## ABOUT THIS TASK
From the line with "デュピルマブは2019年以来" to the line with "1. Wet the slice", output every line below exactly, both ends included. Skip the pictures.

*** LISTED RECORDS ***

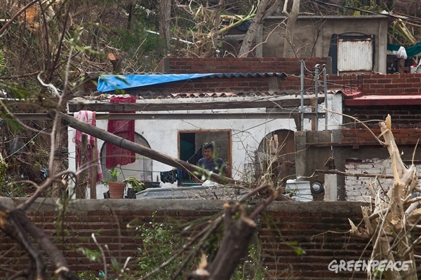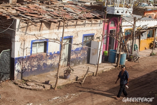 La Sierra Madre Occidental ayudó a aminorar el impacto del huracán considerado más grande y poderoso de los últimos tiempos. Foto: Prometeo Lucero/ Greenpeace. Hace apenas cuatro años, esta zona también recibió el impacto del huracán Jova (2011), y la flora y fauna del lugar estaba empezando a recuperarse cuando llegó Patricia. La selva baja caducifolia que se encuentra en esta cordillera fue devastada por los fuertes vientos de Patricia: árboles arrancados desde la raíz, otros sin hojas en sus copas y de algunos más solo quedaron sus troncos y no sabemos cuánto tiempo tarden en volver a crecer. De acuerdo con Claudia Uribe del Centro Universitario de Ciencias Biológicas y Agropecuarias (CUCBA) de la Universidad de Guadalajara (UDG), los daños a la selva ocasionarán la disminución de especies nativas de la zona y especies migratorias que utilizan la sierra para reproducirse o anidar. Para la Secretaría de Medio Ambiente y Desarrollo Territorial de Jalisco, una de las principales preocupaciones es que tras el paso de Patricia, quedó mucha materia prima para los incendios forestales (hojas, ramas, troncos) en una zona donde los próximos 8 meses son de época seca. Existe además el riesgo de que la ganadería se extienda hacia lugares en los que antes de Patricia había árboles, de ser así, la sierra que es una barrera natural para los ciclones, podría ya no estar ahí para defendernos en el siguiente fenómeno hidrometeorológico, que a causa del cambio climático, podría ser más frecuente, más intenso y más grande y en consecuencia con impacto mayor. Cientos de familias perdieron su casa y pertenencias, sectores económicos como el turismo y la agricultura, principales actividades de la región, resultaron dañadas y en consecuencia las familias que dependen de ellas. En Arroyo Seco, Jalisco, las cerca de 600 personas que ahí viven, sintieron en carne propia el golpe de Patricia, escucharon el chillido del viento que arrasaba los techos de láminas de sus casas, tumbaba paredes y arrancaba las cortinas metálicas de los negocios; después, el silencio y cuando creían que había pasado todo, el huracán volvió para derrumbar lo que encontraba a su paso.
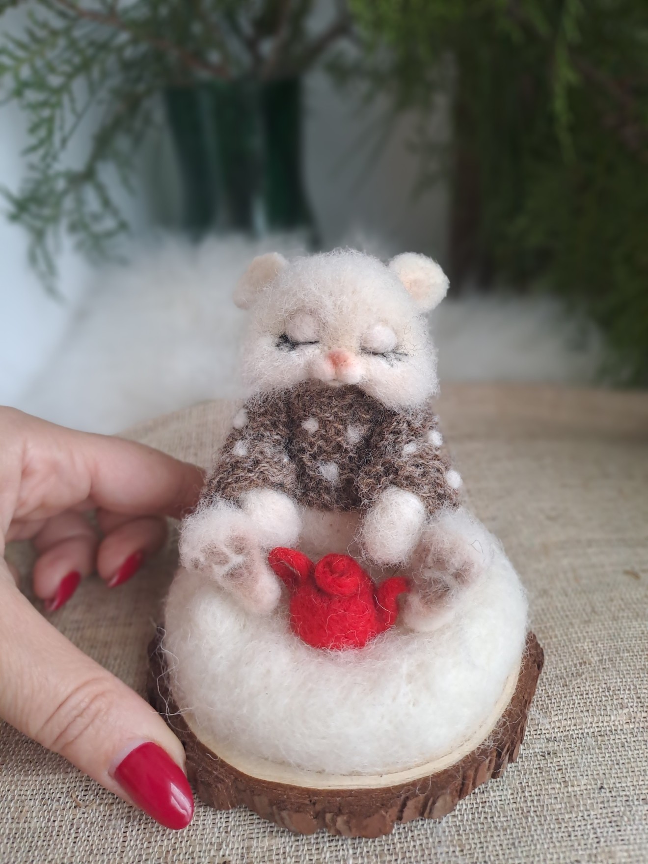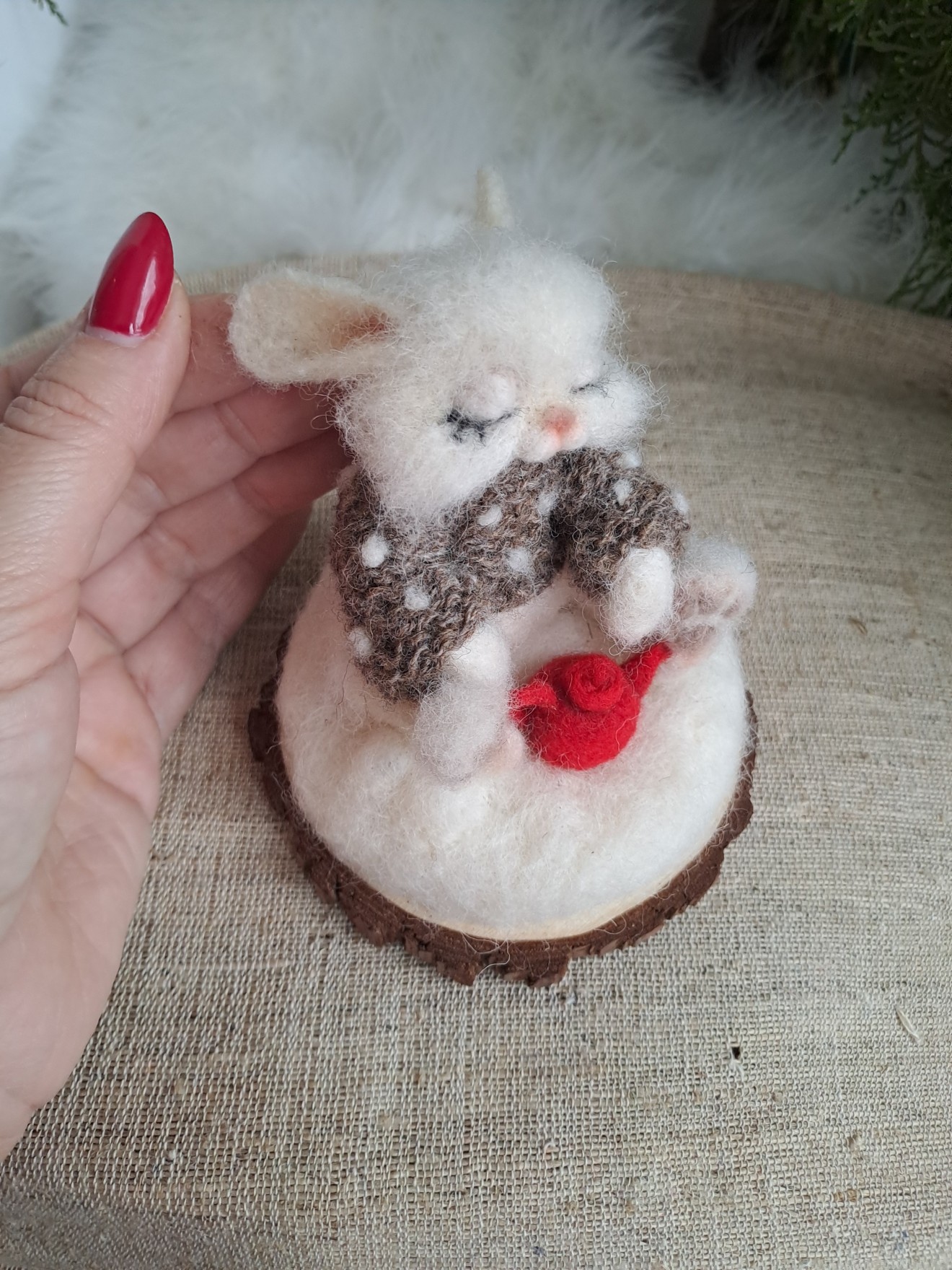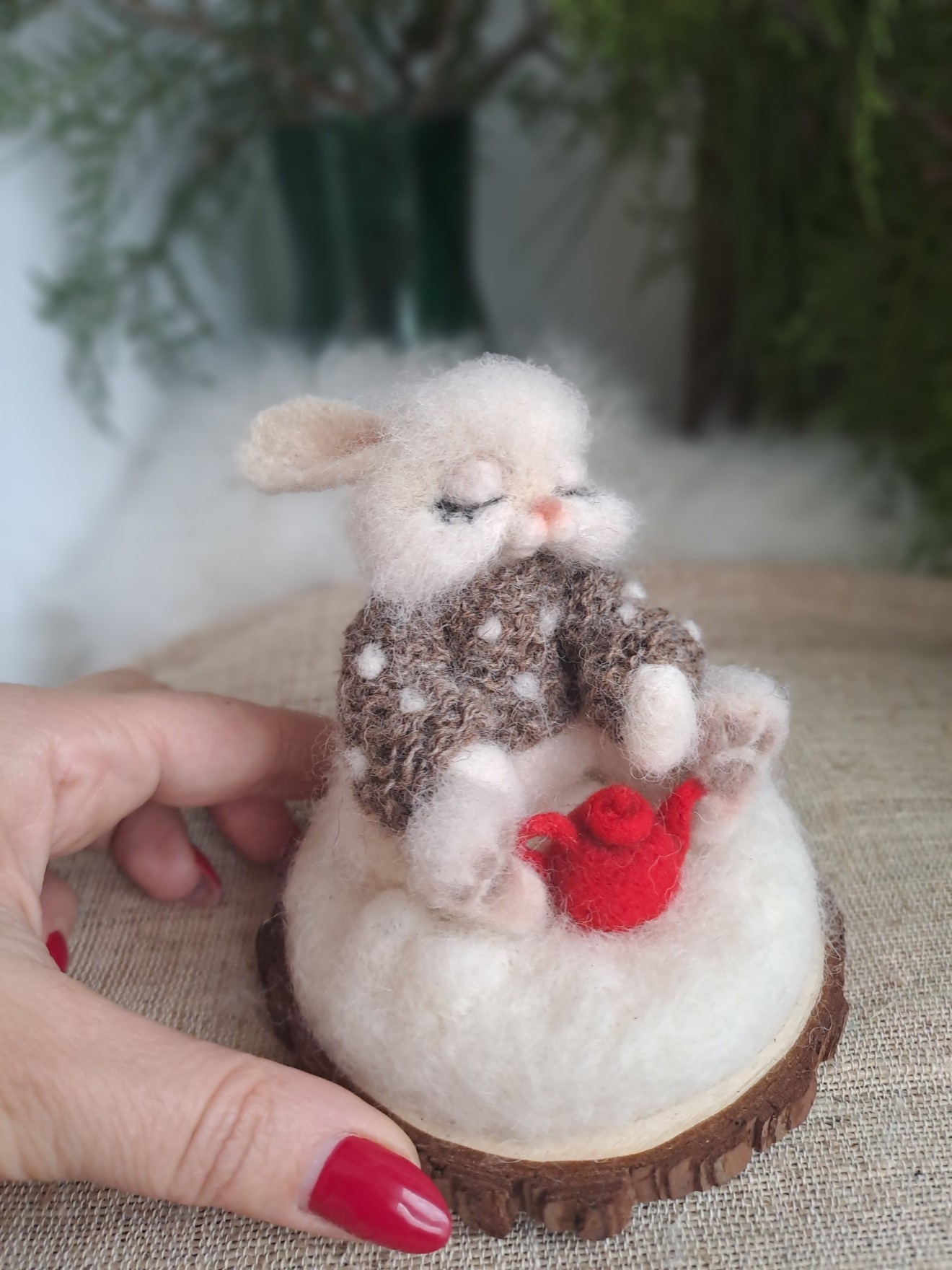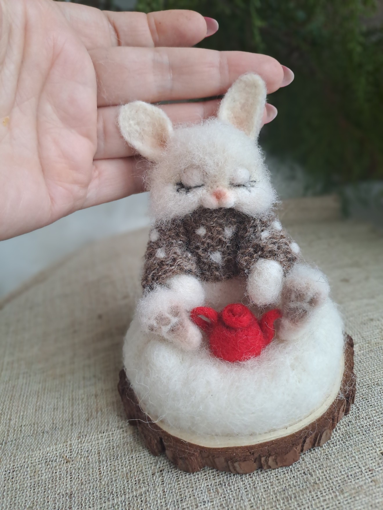 Бело, малко, пухкаво зайче с чайник. Изработени са от вълна. Закрепено върху дървена стойка.
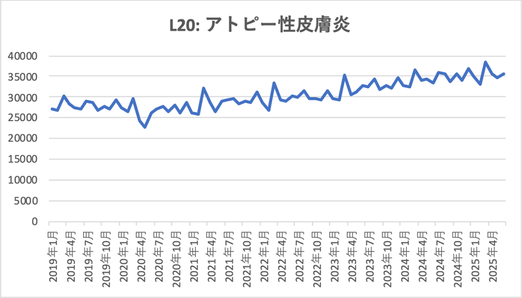 デュピルマブは2019年以来、一貫して処方患者数が増加しており、特に2023年から伸びが加速しており、標準的治療薬として広く臨床現場に浸透している様子がうかがえる。
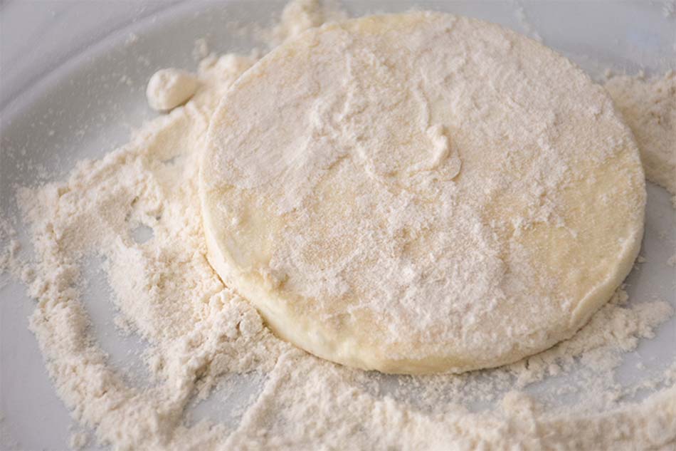 1. Wet the slice of cheese in water and put it in the flour. Shake to remove the excess flour.
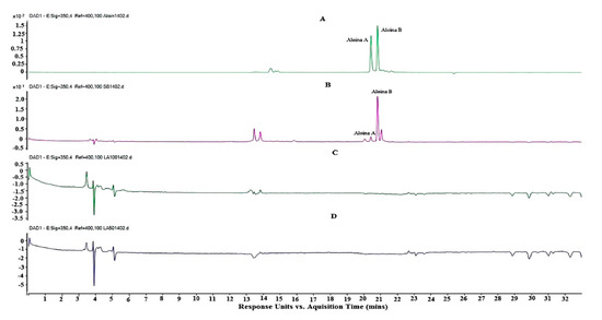 Figure 1A shows the chromatogram of the Aloin A and B (barbaloin and isobarbaloin) standard, which shows two peaks: the first equivalent to Aloin A with a Tr of 20.5 min and the second peak of Aloin B with 20.8 min. Tr of Aloin A and B (Figure 1B) present in the EA were 20.5 min and 20.8 min, respectively. In both chromatograms, standard and sample (1A and 1B), higher levels are presented for Aloin B, especially in the EA extract sample. This result corroborates those of the investigations of Logaranjan et al. [48,49], in the quantification of aloe by HPLC from the Aloe barbadensis extract.
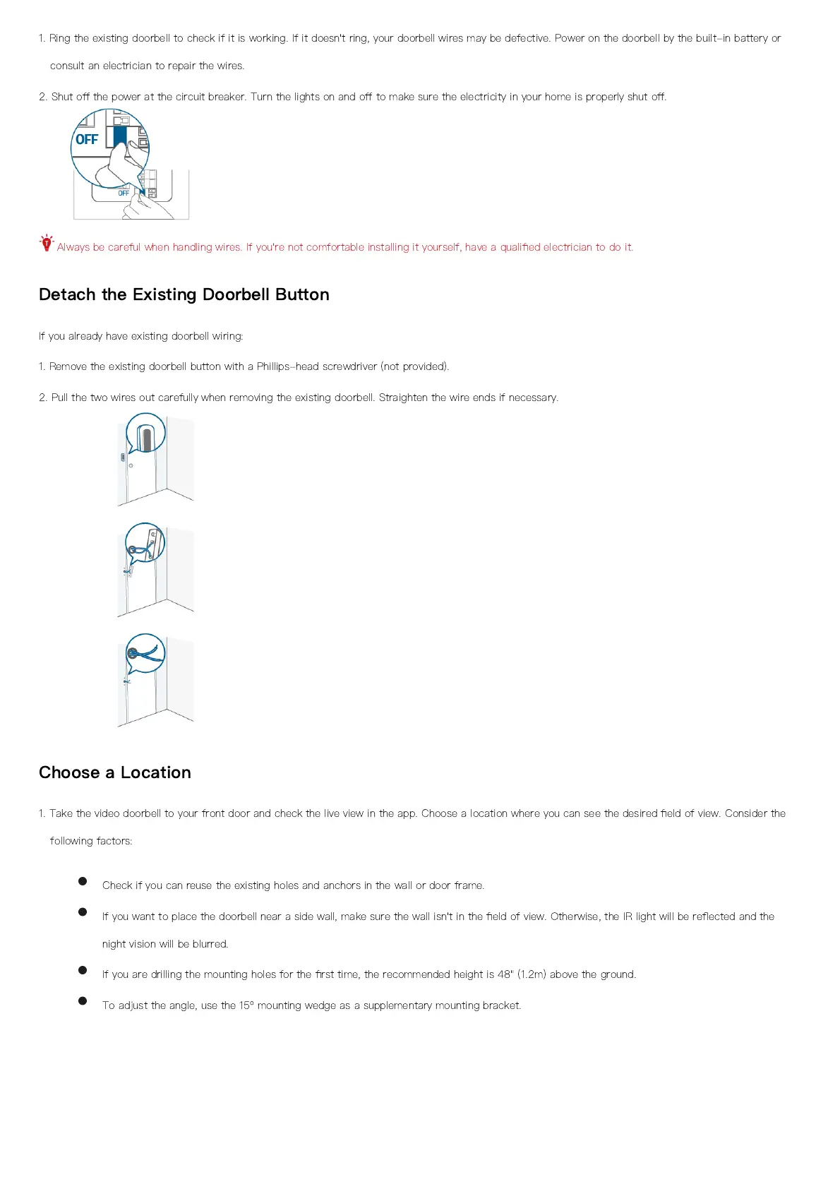 1. Take the video doorbell to your front door and check the live view in the app. Choose a location where you can see the desired

***

## SOLUTION TO THE PROBLEM
 デュピルマブは2019年以来、一貫して処方患者数が増加しており、特に2023年から伸びが加速しており、標準的治療薬として広く臨床現場に浸透している様子がうかがえる。
 1. Wet the slice of cheese in water and put it in the flour. Shake to remove the excess flour.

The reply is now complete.